Fenerbahçe fans march for ‘justice’

Fenerbahçe fans march for ‘justice’

ISTANBUL
Fenerbahçe fans march for ‘justice’

AA Photo

Thousands of Fenerbahçe fans gathered on Istanbul’s Anatolian side on Feb. 16 to protest a match-fixing verdict putting the club’s chairman at risk of a lifetime ban from football.

The club’s supporter groups and the board called on the fans to gather before the Spor Toto Super League game against Kasımpaşa, but the occasion was much more than a football match.

“Establish a [political] party, Aziz Yıldırım,” fans chanted to the Fenerbahçe chairman, whose six-year, three-month sentence for attempting to manipulate football games and forming an unarmed gang was approved by the Turkish Supreme Court of Appeals last month.

Yıldırım has applied to the Constitutional Court against his sentence, but if he loses the appeal, he will have to step down as the Fenerbahçe chairman, after 13 years at the helm, where he oversaw five Turkish league titles. The last one, however, came under scrutiny with the match-fixing case, which focused on the 2010-2011 Turkish championship.
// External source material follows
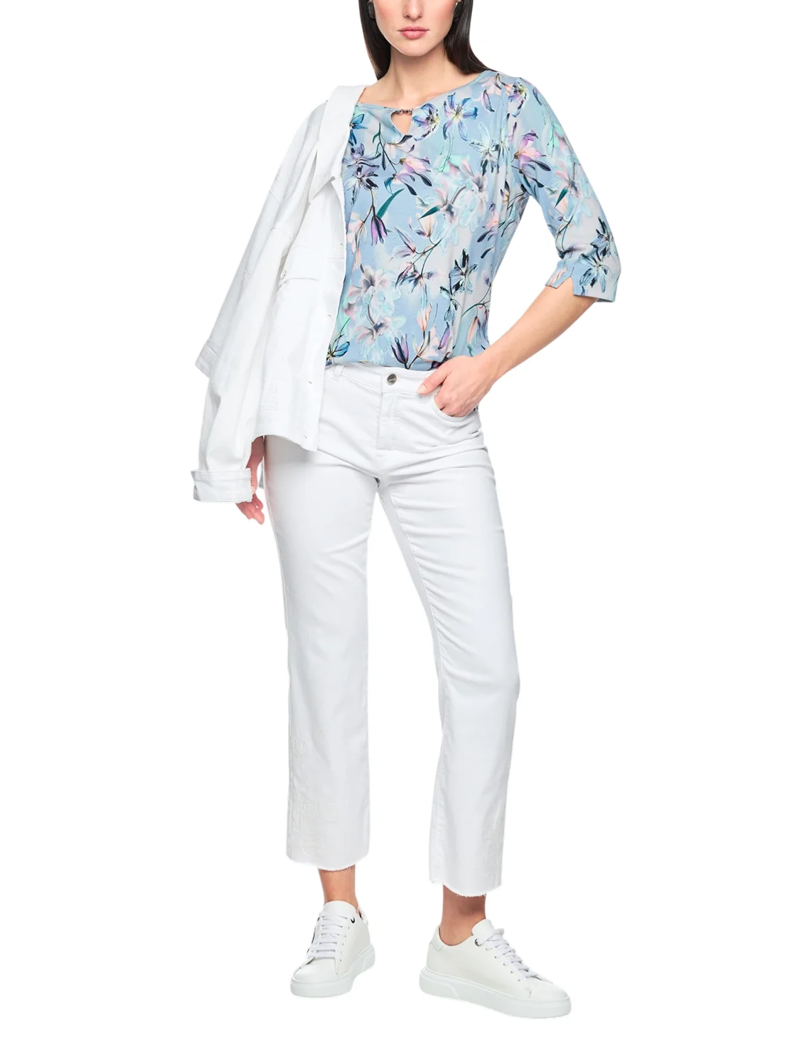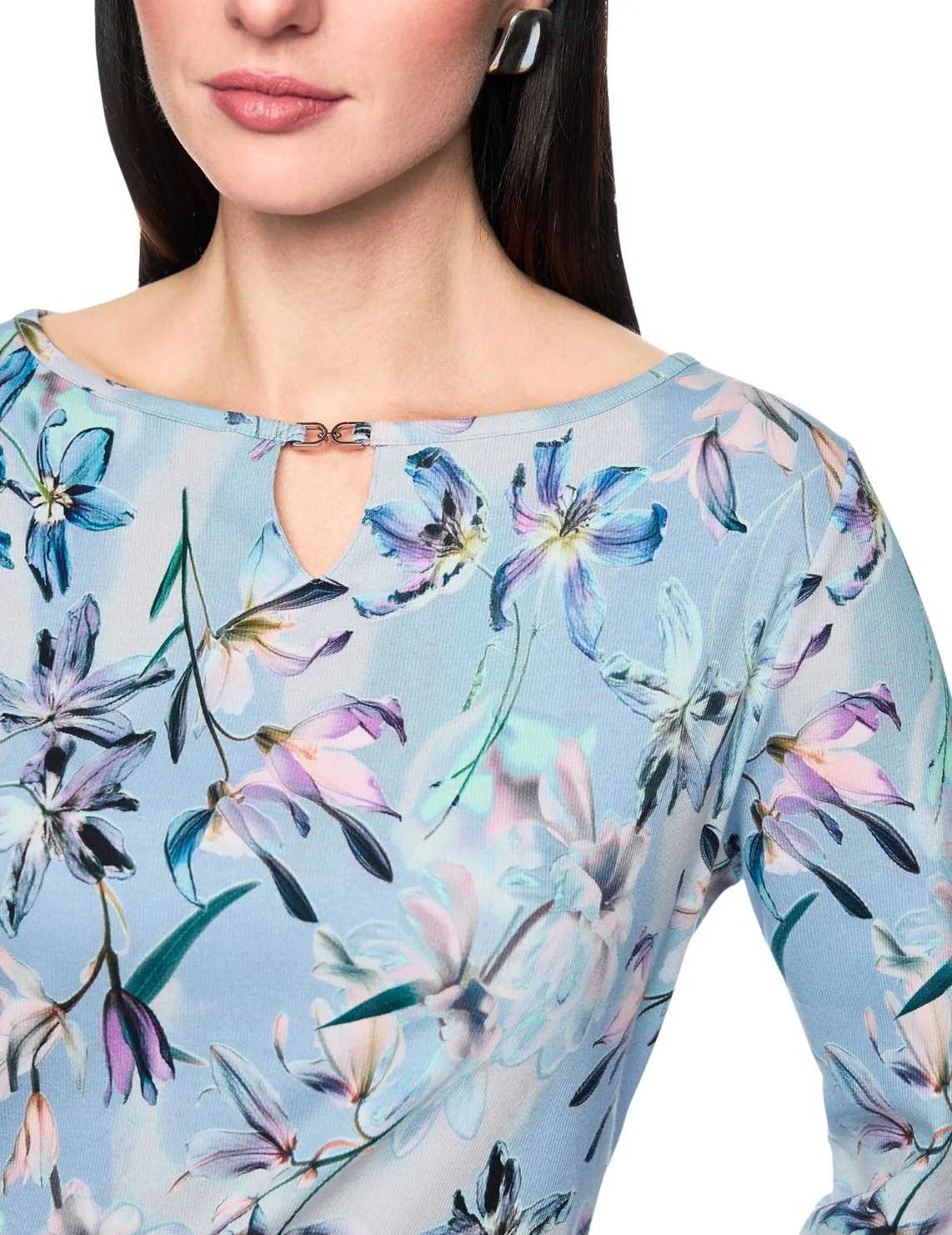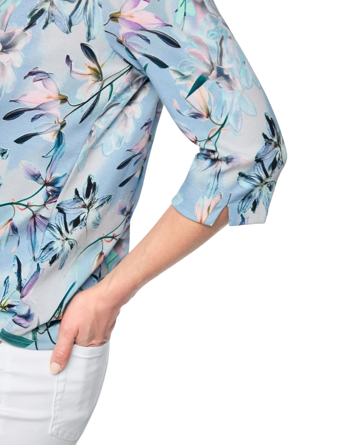 Лонгслив изготовлен из хлопка и эластана. Модель выполнена в прямом крое. Имеет круглый вырез горловины, V-образный вырез и рукава длиной 3/4 с разрезами. Декорирован цветочным принтом.

Yıldırım, along with many Fenerbahçe fans, have championed the idea that the case was a plot to take over the coveted seat at the popular sports club, with an estimated 20 million-strong fan base.
“As I said from the very beginning, the court case regarding match-fixing in Turkey is a political case, and the ruling of this case has also been made politically,” Yıldırım said last month. “I do not respect or recognize this ruling.”

Turkish Prime Minister Recep Tayyip Erdoğan, whose government is battling a wide-ranging corruption investigation, has also criticized the court’s ruling.

Erdoğan, who has cast the corruption scandal swirling around his government as a smear campaign by a “parallel state” within the judiciary, defended Yıldırım, saying he was the victim of a similar plot.
“The parallel state took a very finely calculated step here as well,” Erdoğan told a press conference on Jan. 20.

The prime minister’s supporters say the followers of U.S.-based Islamic scholar Fethullah Gülen, whose “Cemaat” (community in Turkish) network is influential within the police and judiciary, are behind the corruption probe.

Unlike Erdoğan, however, Yıldırım has consistently defended the idea that the match-fixing case was politically motivated, famously saying during a hearing: “What match-fixing? The country is going down the drain, and they are talking about match-fixing.”

On Feb. 16, however, Fenerbahçe fans rallying in Kadıköy did not appear on the same page as Erdoğan.

They criticized him with the slogan “Thief Tayyip Erdoğan,” referring to the graft probe, as they did in some home matches this season.

The family of Ali İsmail Korkmaz, one of the protesters killed during last year’s anti-government Gezi Park protests, was also present following an invitation from the fans. Korkmaz, 19, was a Fenerbahçe fan, and a song devoted to him has become a fixture among Fener fans during this year’s games.